WHEREAS, the Company has entered into that certain Secured Revolving Credit
Agreement dated as of December 9, 1996 (as amended, supplemented, modified,
restated, refinanced, refunded or renewed from time to time in accordance with
the terms of the Intercreditor Agreement referred to below, the "Credit
Agreement") among the Company, the financial institutions from time to time
party thereto (the "Lenders"), Bank of America National Trust and Savings
Association, as letter of credit issuing bank (in such capacity, the "Issuing
Lender"), and the Loan Agent;
WHEREAS, the Company has entered into that certain Master Lease Agreement
No. 2, dated as of December 9, 1996 (as amended, supplemented, modified,
restated, refinanced, refunded or renewed from time to time in accordance with
the terms of the Intercreditor Agreement referred to below, the "1996 Master
Lease Agreement") between the Company and the Lease Agent;
WHEREAS, subject to the terms of the 1996 Master Lease Agreement, GECC has
heretofore and may hereafter convey to certain financial institutions
(collectively with GECC, the "Lease Participants") participation interests in
its rights, duties and obligations under the 1996 Master Lease Agreement;
WHEREAS, in connection with the execution and delivery of the Credit
Agreement and the 1996 Master Lease Agreement, the Company entered into that
certain Facilities Agreement, dated as of December 9, 1996 (as modified by that
certain First Amendment dated February 28, 1997 and that certain Waiver of
Compliance dated September 5, 1997, the "Original Facilities Agreement") among
the Company, the Loan Agent and the Lease Agent;
WHEREAS, concurrently herewith, the Company, the Loan Agent, the Lease
Agent and the Common Collateral Agent are entering into that certain Amended and
Restated Intercreditor Agreement dated as of even date herewith (as further
amended, supplemented, modified or restated from time to time, the
"Intercreditor Agreement") which sets forth certain agreements among the
Lenders, the Issuing Lender, the Loan Agent, the Lease Agent and the Lease
Participants with respect to, among other things, voting rights and collateral
issues; and
WHEREAS, the Company, the Lenders, the Lease Participants, the Loan Agent
and the Lease Agent now wish to
1
amend and restate the Original Facilities Agreement in its entirety to, among
other things, modify certain financial covenants and to further secure the
Company's obligations arising under the Credit Agreement and the 1996 Master
Lease Agreement.
NOW, THEREFORE, in consideration of the mutual promises herein contained
and for other good and valuable consideration, the parties hereto agree as
follows:
DEFINITIONS AND ACCOUNTING TERMS
--------------------------------
Defined Terms. As used in this Agreement the following terms have the
following meanings (terms defined in the singular to have the same meaning when
used in the plural and vice versa):
"Affiliate" means any Person other than a Financed Franchisee: (1)

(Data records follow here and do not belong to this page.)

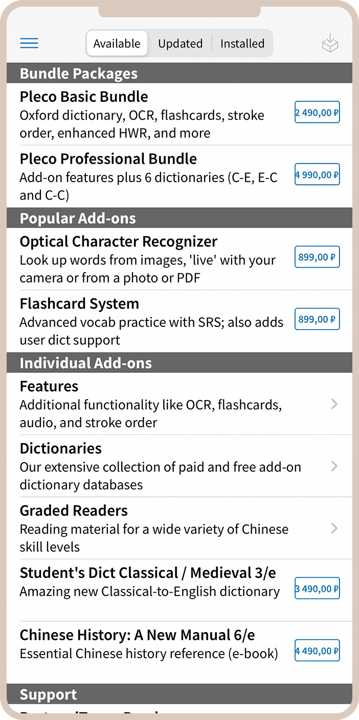 Важно отметить, что однажды купленные дополнения остаются с вами навсегда — без ежемесячных подписок или скрытых платежей. Это выгодно отличает Pleco от многих современных приложений, работающих по модели подписки.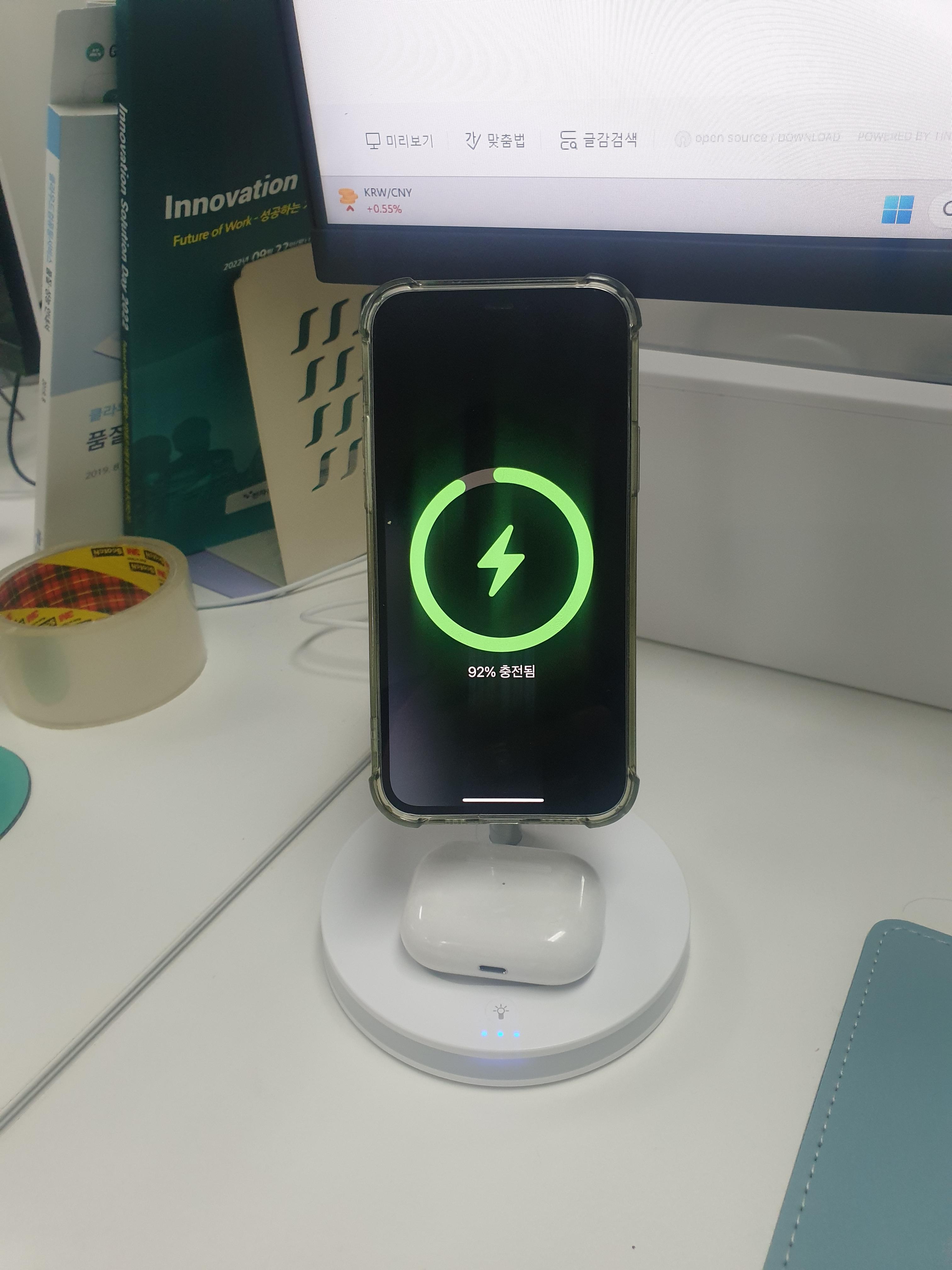 5년전에 구매해서 사용하던 무선충전기는 여전히 잘 작동하지만 그동안 크기가 자꾸만 변한 아이폰은 거치를 해놔도 무선충전 스팟을 벗어나기 일쑤였고 당연히 충전 되어 있을꺼라고 생각하고 들고 나간 핸드폰의 베터리가 25%인 경우를 몇번 당하자 무선충전기를 교체 하기로 결심했습니다.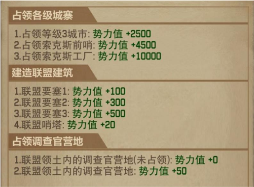 上面介绍了在玩法中的各类建筑,但调查官们一定要明确我们的绝对目标是要让自己的联盟获取更多的势力值。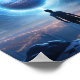 Immerse yourself in a futuristic world with this captivating poster featuring a scene filled with planets and spaceships. Perfect for sci-fi enthusiasts, this poster will add an otherworldly touch to any space. Let your imagination soar as you gaze upon the intricate details of this futuristic landscape.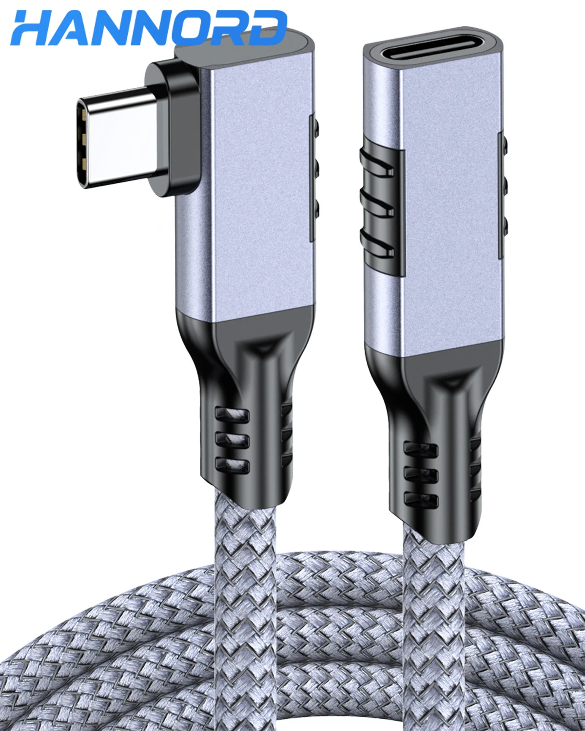 Hannord Cable de extensión tipo C con codo USB3.2 Datos Pantalla de 8K Espejo Cargador rápido de 240W con transmisión de 20G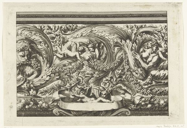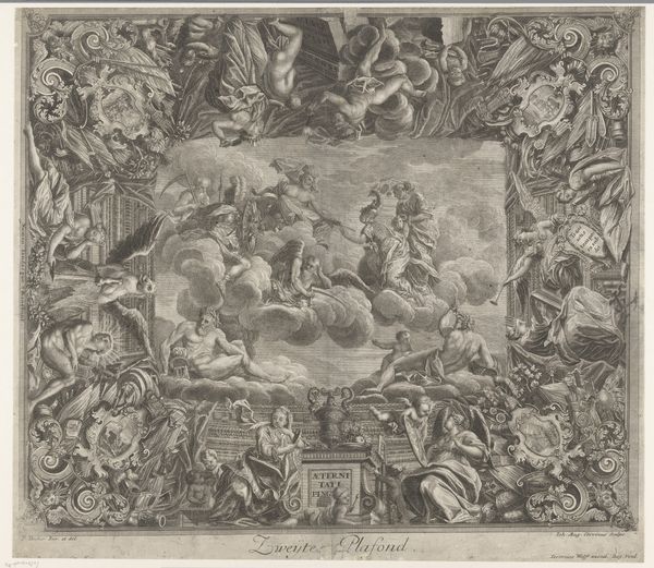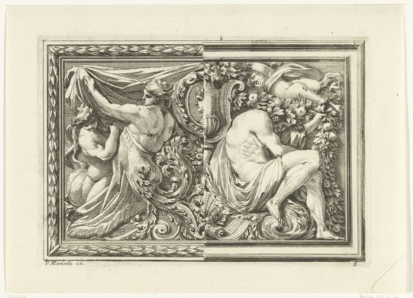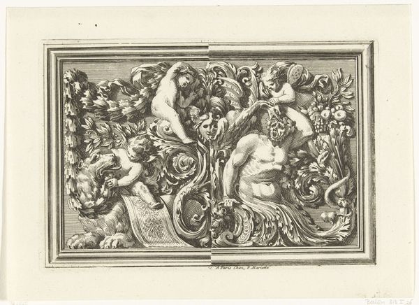 Susanne Maria von Sandrart crafted this panel with a round medallion, showcasing a wealth of classical motifs. At its heart, a figure reminiscent of Jupiter hands a shield to a smaller figure who may be interpreted as Mars, thus evoking themes of divine authority and martial power. These motifs are framed by putti, symbols of innocence and love, and a figure of Abundantia, who holds a cornucopia, and a laurel crown, emblems of prosperity and triumph. The sphinxes at the base, which represent wisdom and mystery, are recurrent in ancient Egyptian art. Observe how such symbols migrate across time, resurfacing during the Renaissance, imbued with renewed classical significance. The image is designed to stir feelings of nostalgia and grandeur, as we find echoes of ancient virtues and ideals, demonstrating the cyclical nature of cultural memory.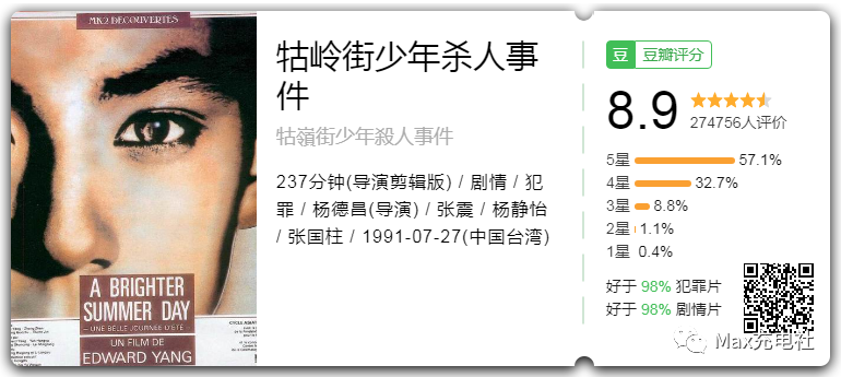 《牯岭街少年杀人事件》(1991)是杨德昌的创作生涯经典中的经典,电影藉一桩1961年的真实少年杀人案(茅武杀人案)为底本,以中学生小四(张震)的故事开展,牵出整个60年代的台湾省社会图景,慢慢导引至结尾具毁灭性的一刀。
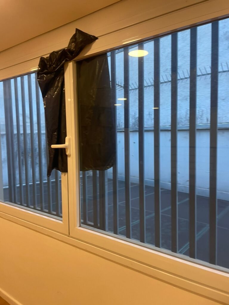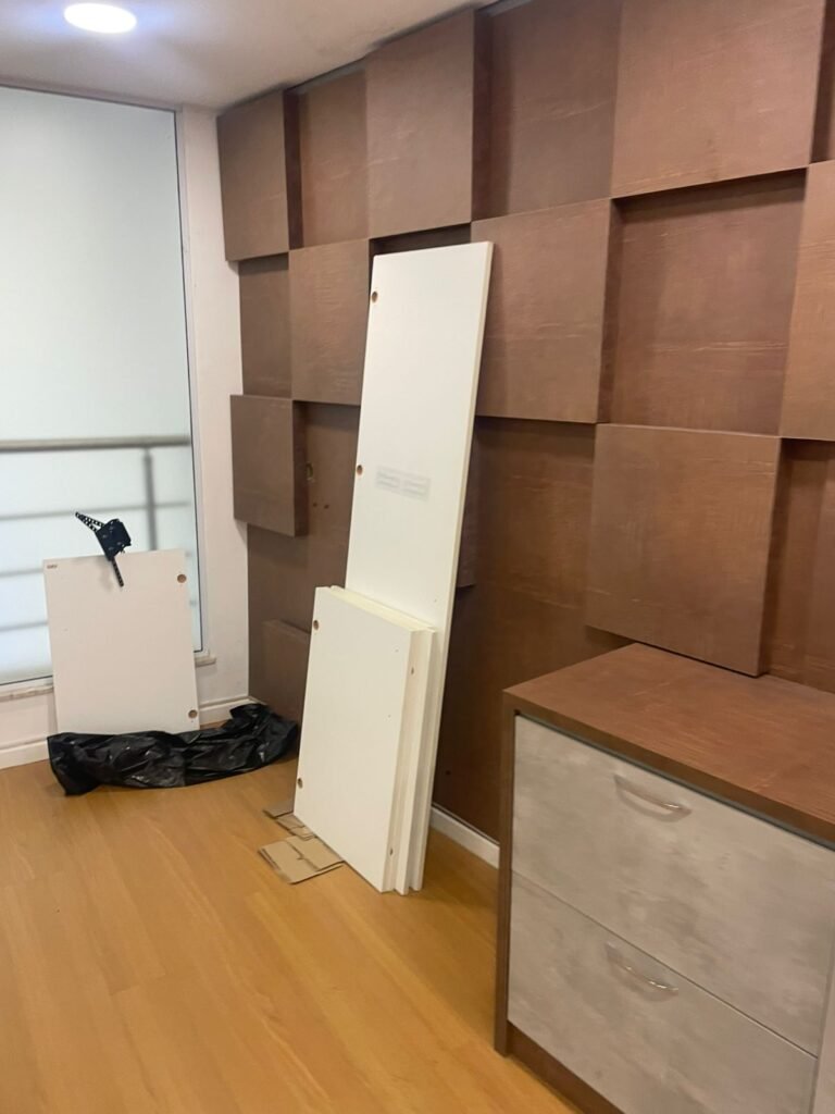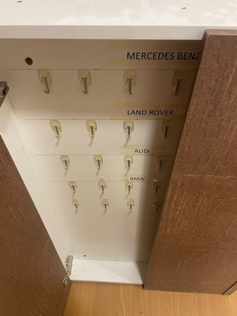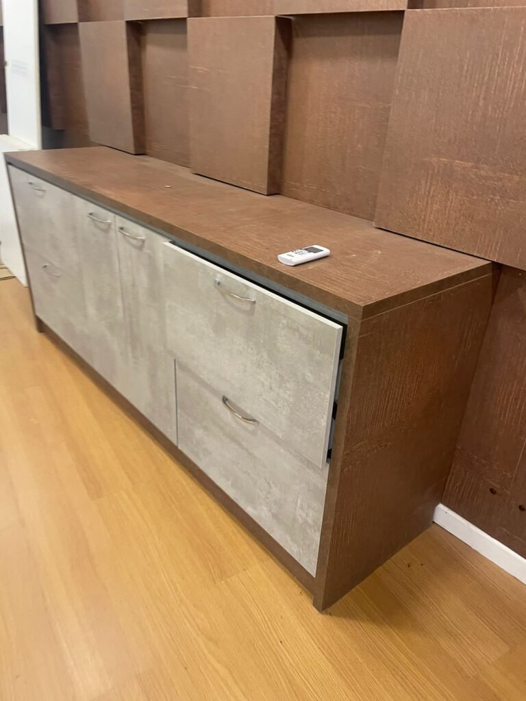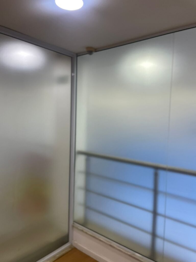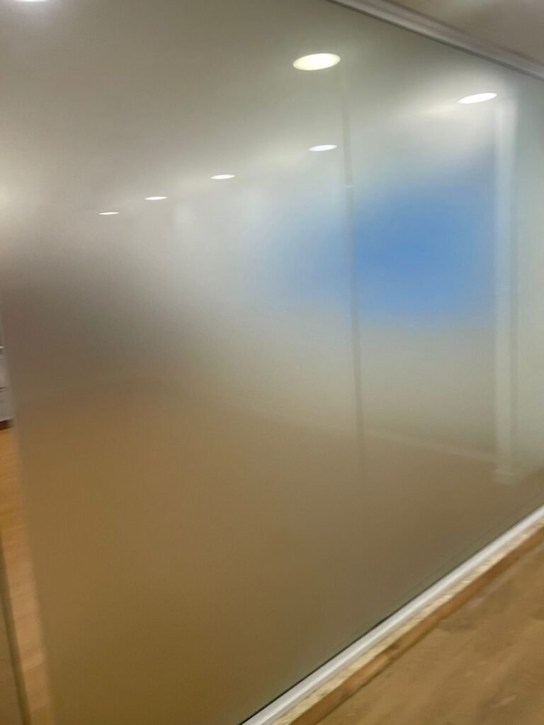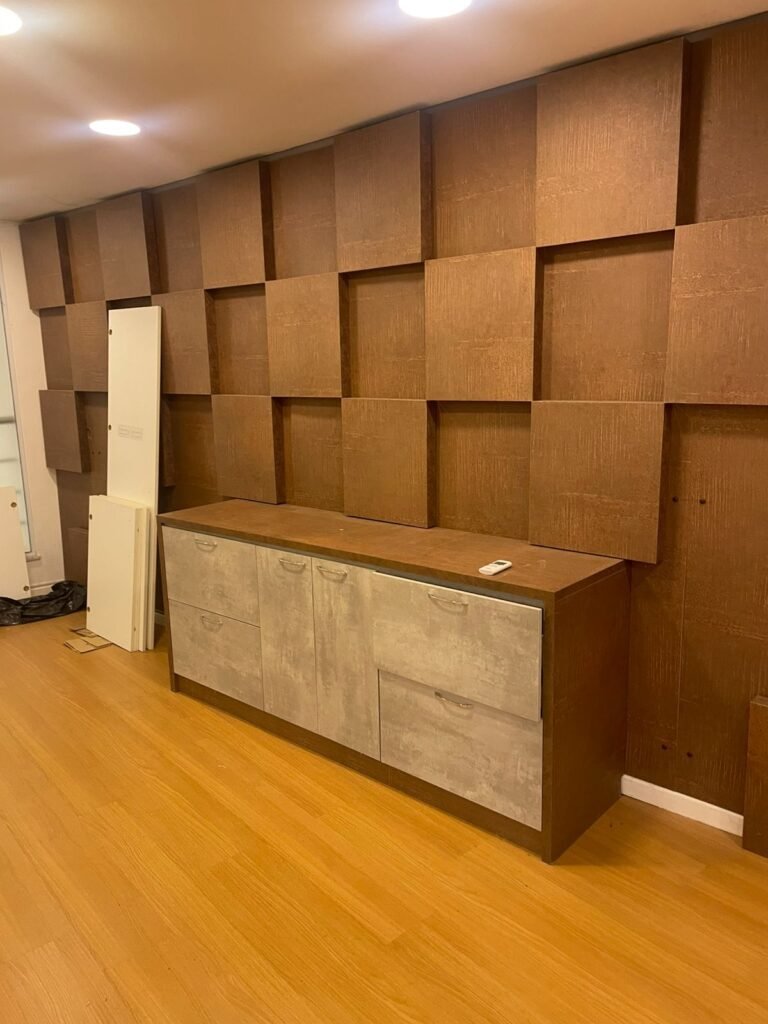 ESCRITÓRIO-: 01 Porta social de vidro temperado em ordem, com 01 fechadura em ordem e com chave, fechadura eletrônica marca Fingerprint não testadas, 08 vidro blindex com insulfilme jateado em ordem, piso revestido em laminado de madeira em ordem, rodapés revestidos de madeira com pintura na cor branco com desgastes naturais e restante em ordem, paredes com pintura na cor branco neve com manchas e desgastes naturais, 01 janela basculante com esquadrias de alumínio na cor branco, com 01 fechadura em ordem, com 02 folhas de vidro blindex em ordem, grade de proteção de ferro em ordem com 01 fechadura com cadeado em ordem, parede com revestimento em MDF em ordem, 01 gabinete de MDF com 04 gavetas em ordem e 02 portas, ambos com puxadores em ordem, 01 porta chaves de Mdf em ordem, 02 interruptores, 02 tomadas, 04 espelho cegos, 01 câmera não testada, 10 luminárias embutidas todas com Led em ordem, 02 trocador de ar não testados, 01 entrada para alçapão.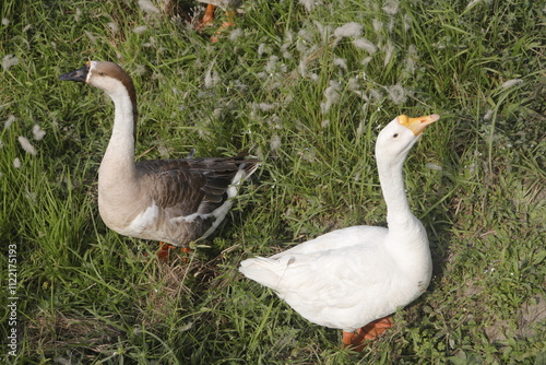 © Asif, Obraz premium Elegant Geese in a Verdant Meadow

which directly or indirectly controls, or is controlled by, or is under common
control with, the Company or a Subsidiary; (2) which directly or indirectly
beneficially owns or holds, at the time of determination, outstanding shares
representing ten percent (10%) or more of any class of capital stock,
partnership units or other equity interests of the Company or any Subsidiary
(including, on a fully diluted basis, any options, warrants and other rights to
acquire capital stock, partnership units or other equity interests which are
exercisable at the time of determination, but excluding any options, warrants
and other rights to acquire capital stock, partnership units or other equity
interests which are not then exercisable); or (3) ten percent (10%) or more of
the capital stock, partnership units or other equity interests of which
(calculated in accordance with the foregoing clause (2)) is directly or
indirectly beneficially owned or held by the Company or a Subsidiary. For
purposes of this definition only, the term control means the possession,
directly or indirectly, of the power to direct or cause the direction of the
management and policies of a Person, whether through the ownership of voting
securities, by contract, or otherwise; provided, that for purposes hereof, the
existence of a Franchise Agreement, Area Development Agreement or similar
agreement between the Company and a Person shall not, by itself,
2
evidence that such Person is controlled by the Company nor shall the Financed
Franchisee Loan Documents executed by a Franchisee evidence that such Franchisee
is an Affiliate of the Company prior to the acquisition by the Company of an
equity interest therein of in excess of ten percent (10%), whether such
acquisition occurs by conversion of debt, exercise of any equity option, or
otherwise (including acquisition by foreclosure following an acceleration under
the Financed Franchisee Loan Documents).
"Agency Agreement" means that certain Agency Agreement dated as of
September 25, 1996 among the Lease Agent, the Company, BC Real Estate
Investments, Inc. and certain Financed Franchisees.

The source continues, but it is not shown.